### SUPPLIED DATA
----------

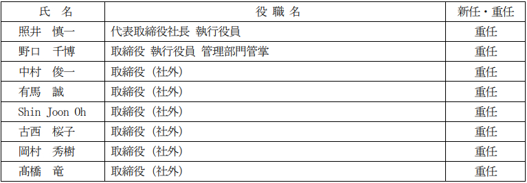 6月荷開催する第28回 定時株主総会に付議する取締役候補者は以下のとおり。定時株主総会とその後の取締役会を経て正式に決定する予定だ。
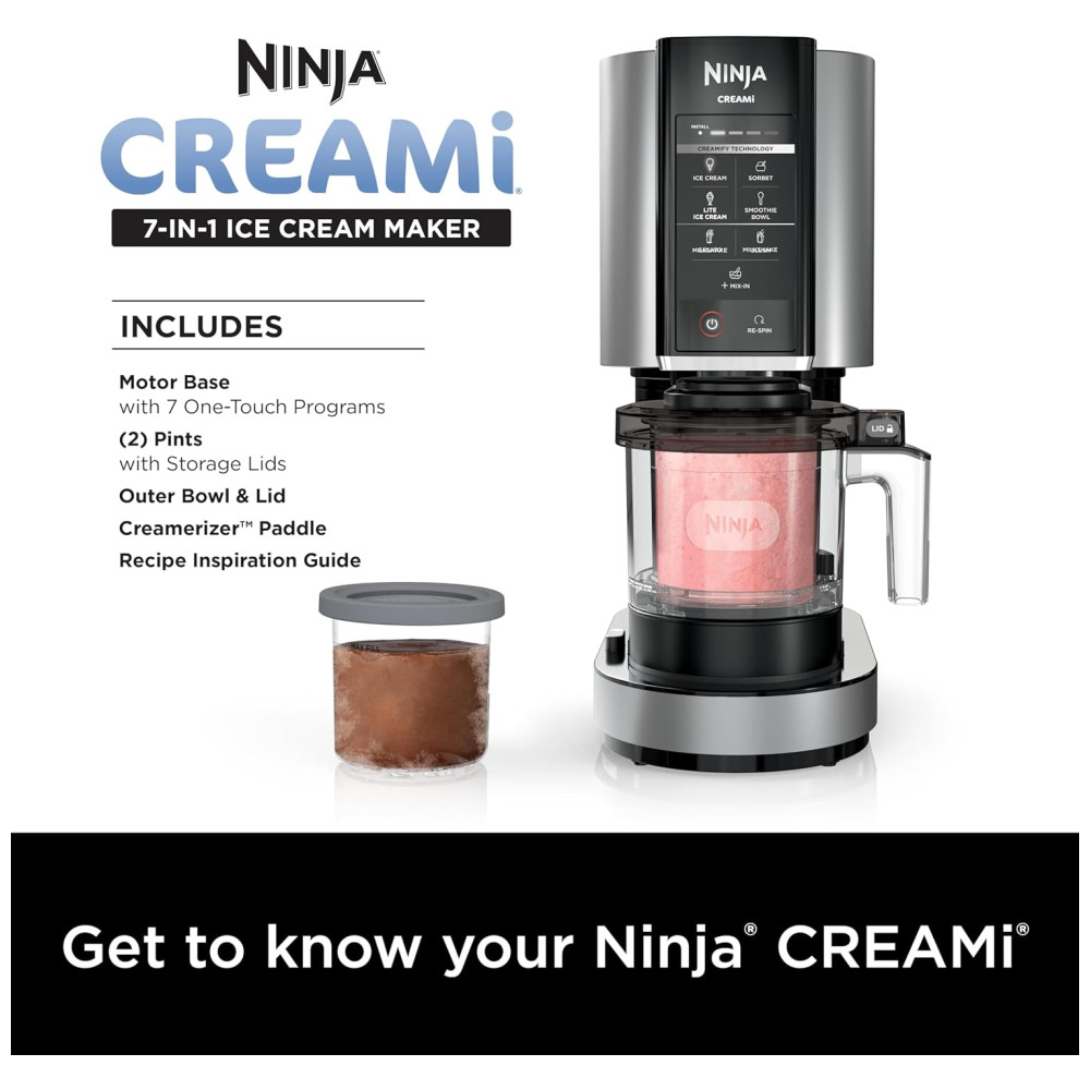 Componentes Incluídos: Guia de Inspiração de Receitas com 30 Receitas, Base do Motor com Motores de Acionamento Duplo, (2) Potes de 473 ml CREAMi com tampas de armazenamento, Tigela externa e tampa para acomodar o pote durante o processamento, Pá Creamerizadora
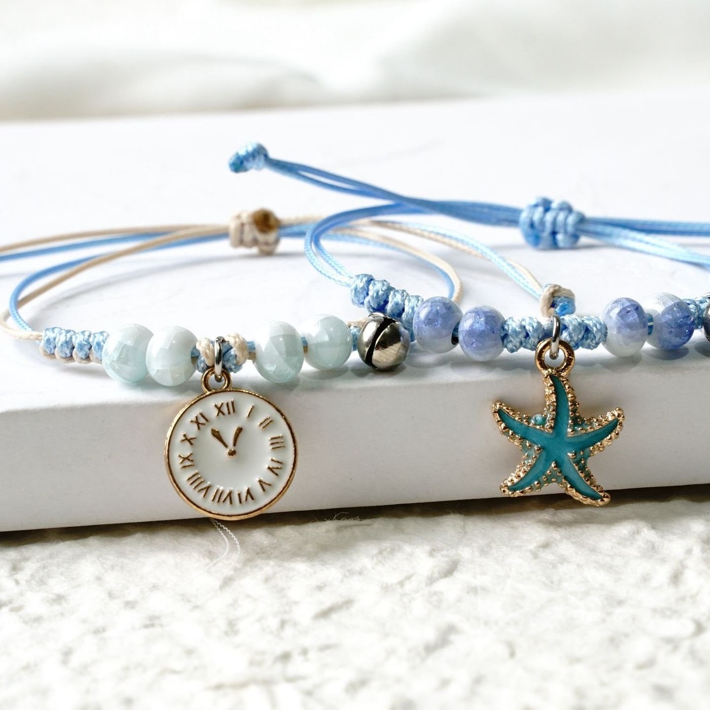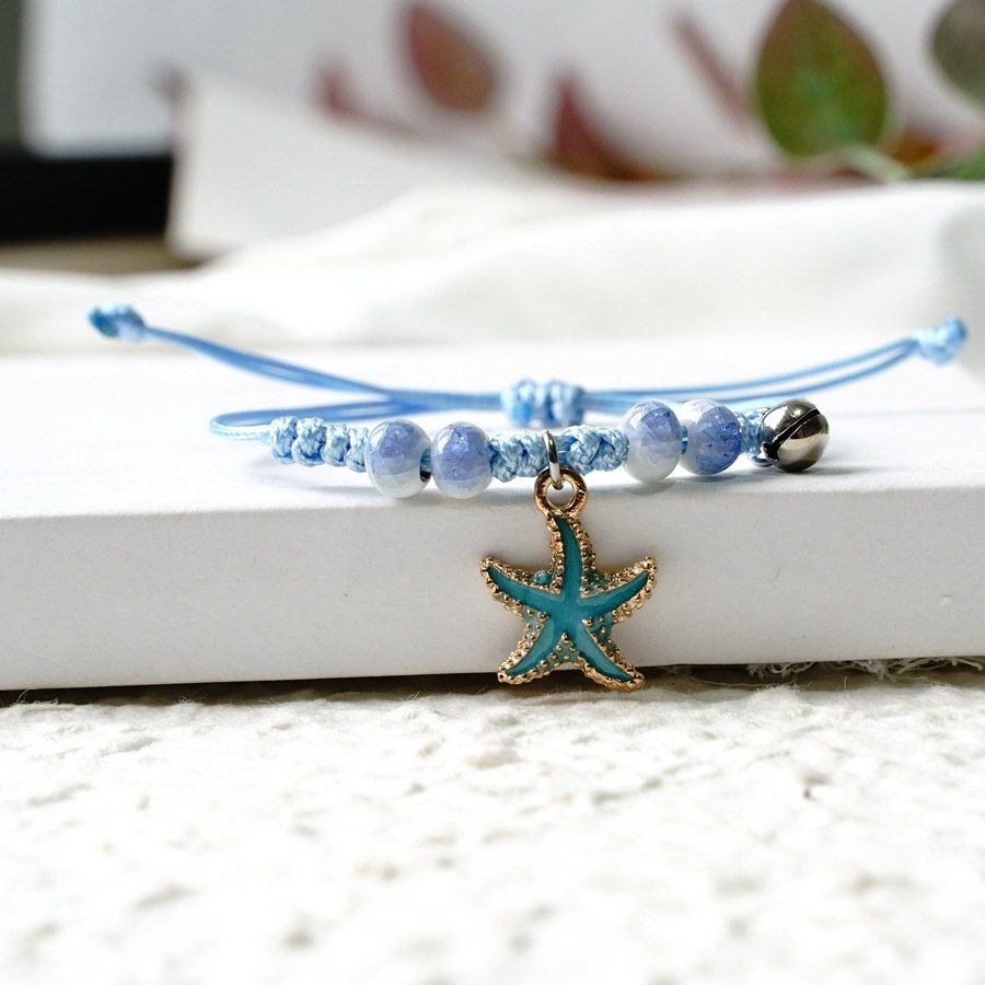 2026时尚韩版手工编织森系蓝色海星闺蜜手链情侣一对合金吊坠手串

----------

### PROBLEM TO SOLVE
Starting at the first line of the listing above, write out each line exactly and nothing else until you reach the line containing "Componentes Incluídos: Guia", which is included as well; omit all pictures.

### RESULT BELOW
 6月荷開催する第28回 定時株主総会に付議する取締役候補者は以下のとおり。定時株主総会とその後の取締役会を経て正式に決定する予定だ。
 Componentes Incluídos: Guia de Inspiração de Receitas com 30 Receitas, Base do Motor com Motores de Acionamento Duplo, (2) Potes de 473 ml CREAMi com tampas de armazenamento, Tigela externa e tampa para acomodar o pote durante o processamento, Pá Creamerizadora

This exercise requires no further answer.